This story was originally produced by The Keene Sentinel. NHPR is republishing it in partnership with the Granite State News Collaborative.
Gov. Kelly Ayotte has signed into law a bill that will allow towns and cities to require proof of residency before helping people of low income with necessities such as housing, food, heat and prescriptions.
House Bill 348, whose prime sponsor was Jennifer Rhodes, R-Winchester, will change a longstanding statute saying that residency is not a requirement for receiving local welfare assistance.
Supporters say the bill may allow for a more equitable system of sharing growing welfare expenses among municipalities, and assert that its provisions will ensure that assistance will continue to flow to those in need.
Opponents said the existing law was fine and that there is no need to put up additional barriers to aid for people in difficult situations.
Republican-backed HB 348, as introduced, would have allowed municipalities to establish a 90-day residency requirement as a prerequisite for receiving aid. A lease, car registration or utility bill were cited as ways of proving residency.
But that length of stay was removed in the final version, which also expanded the ways a person could show residency. It also specifies that the residency requirement does not apply to people who left their original town because of domestic violence, stalking, sexual assault or human trafficking.
It also mandates assistance of up to six days for people who are temporarily in a municipality and need help to address a basic-needs emergency.
Also under the bill, a municipality can recover some welfare expenses from another town or city where the applicant resides.
Rhodes said in an interview Tuesday that local assistance programs work best when people apply for help where they are living.

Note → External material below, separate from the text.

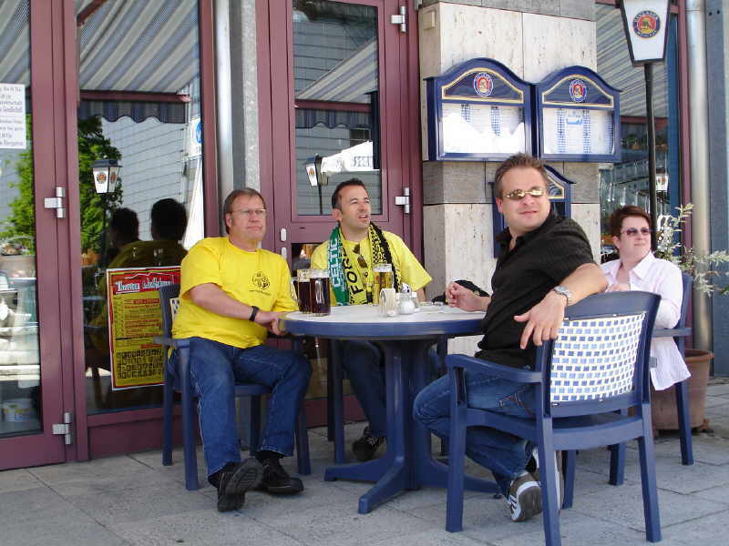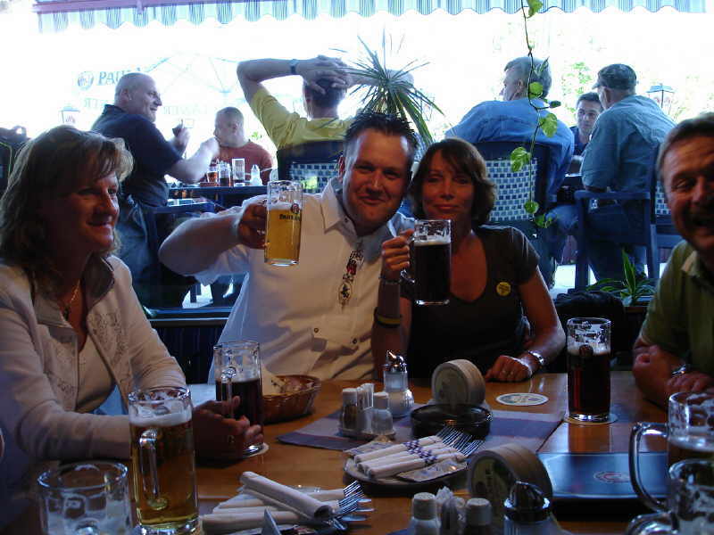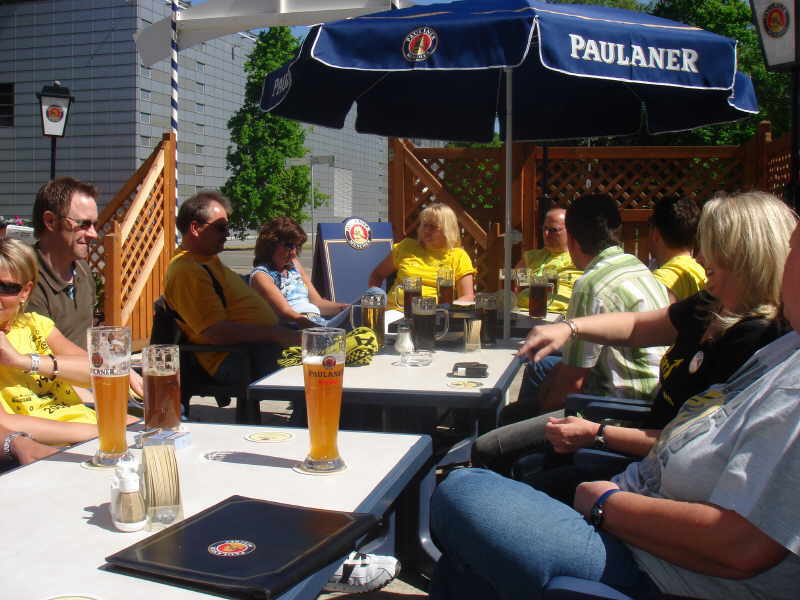 Also schnell einchecken, das von den Kiddis übervölkerte (es findet ein Fussballturnier für Jugendmannschaften statt) Hotel Holiday durch den Hinterausgang verlassen und im gegenüberliegenden Paulaner in die Sonne setzen und einige Kaltschalen zu sich nehmen.

“Towns know what’s best for their own community members,” she said. “What somebody requires for assistance when they live in Keene would be completely different from somebody that lives in Winchester or Troy.”
Keene City Councilor Randy Filiault said that since Keene provides all of the homeless shelter beds in Cheshire County, it inevitably bears more costs of providing welfare assistance than other municipalities.

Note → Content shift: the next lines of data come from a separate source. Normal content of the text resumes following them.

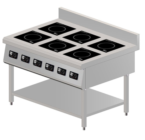 Плита индукционная VIATTO VA-IC3506 установлена на открытой подставке.
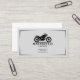 A professional business card with subtle gray accent lines framing and featuring a sleek black motorcycle silhouette rendered in a minimalist style with chrome accents and sits prominently in the upper portion. It could also be used for automotive or motorcycle-related services (sales, shop, repair, motorcycle school, etc).
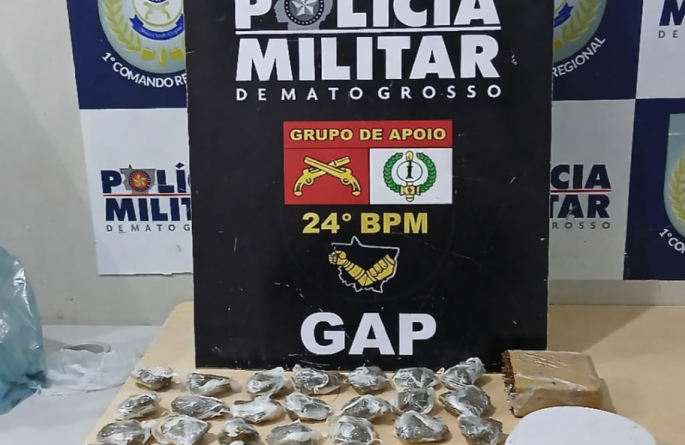 Policiais militares do 24º Batalhão da Polícia Militar prenderam, neste domingo (22.2), um homem de 20 anos por tráfico ilícito de drogas no bairro Pedra 90, em Cuiabá. Com o suspeito, foram apreendidas 39 porções de substância análoga à maconha, além de um tablete maior da mesma droga, uma porção de substância análoga à cocaína e uma balança de precisão.

Anything that would facilitate more cost-sharing among municipalities would be helpful, he said.
Dawn McKinney, policy director for N.H. Legal Assistance, said she fears people in need will “fall through the cracks” under new residency requirements.

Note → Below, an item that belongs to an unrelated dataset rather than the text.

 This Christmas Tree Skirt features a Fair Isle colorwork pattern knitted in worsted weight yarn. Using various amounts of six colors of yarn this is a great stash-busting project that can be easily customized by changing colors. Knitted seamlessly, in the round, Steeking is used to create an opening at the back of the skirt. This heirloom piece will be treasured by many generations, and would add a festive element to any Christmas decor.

“I do think requiring proof of residency will lead to some people being unable to get emergency assistance because, even though they are residents, they won’t have the wherewithal to prove it,” she said.
Todd Marsh is Rochester’s welfare director and the president of the N.H. Local Welfare Administrators Association.
He said his goal will be for the state to continue to offer adequate emergency assistance to those most in need.
“Along with our association’s Board of Directors, I will be focused on training cities and towns throughout the state on best practices and on how to apply the new law with consistent, humane, accountable, and flexible decision-making,” he said in an email.
HB 348 has an effective date of July 21.